Exercise data section start
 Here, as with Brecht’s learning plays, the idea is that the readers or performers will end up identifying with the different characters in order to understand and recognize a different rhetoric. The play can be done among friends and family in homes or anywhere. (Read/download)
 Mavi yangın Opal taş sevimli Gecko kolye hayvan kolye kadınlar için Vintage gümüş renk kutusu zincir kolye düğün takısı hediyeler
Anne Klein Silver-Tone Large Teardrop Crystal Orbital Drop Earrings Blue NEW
Exercise data section end
Exercise data section start
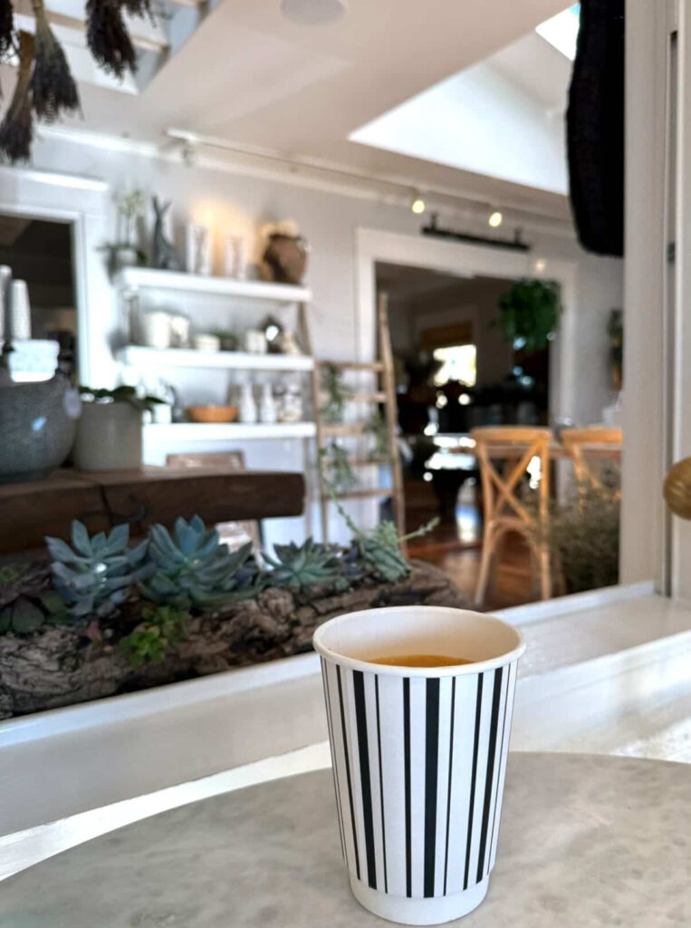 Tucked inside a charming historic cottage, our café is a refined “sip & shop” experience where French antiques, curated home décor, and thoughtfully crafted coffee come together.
Exercise data section end
== Assignment ==
Give again, word for word, every line of the listing above from the one with "Here, as with" to the one with "Anne Klein Silver-Tone", both inclusive, and nothing beyond them.

== Response area ==
 Here, as with Brecht’s learning plays, the idea is that the readers or performers will end up identifying with the different characters in order to understand and recognize a different rhetoric. The play can be done among friends and family in homes or anywhere. (Read/download)
 Mavi yangın Opal taş sevimli Gecko kolye hayvan kolye kadınlar için Vintage gümüş renk kutusu zincir kolye düğün takısı hediyeler
Anne Klein Silver-Tone Large Teardrop Crystal Orbital Drop Earrings Blue NEW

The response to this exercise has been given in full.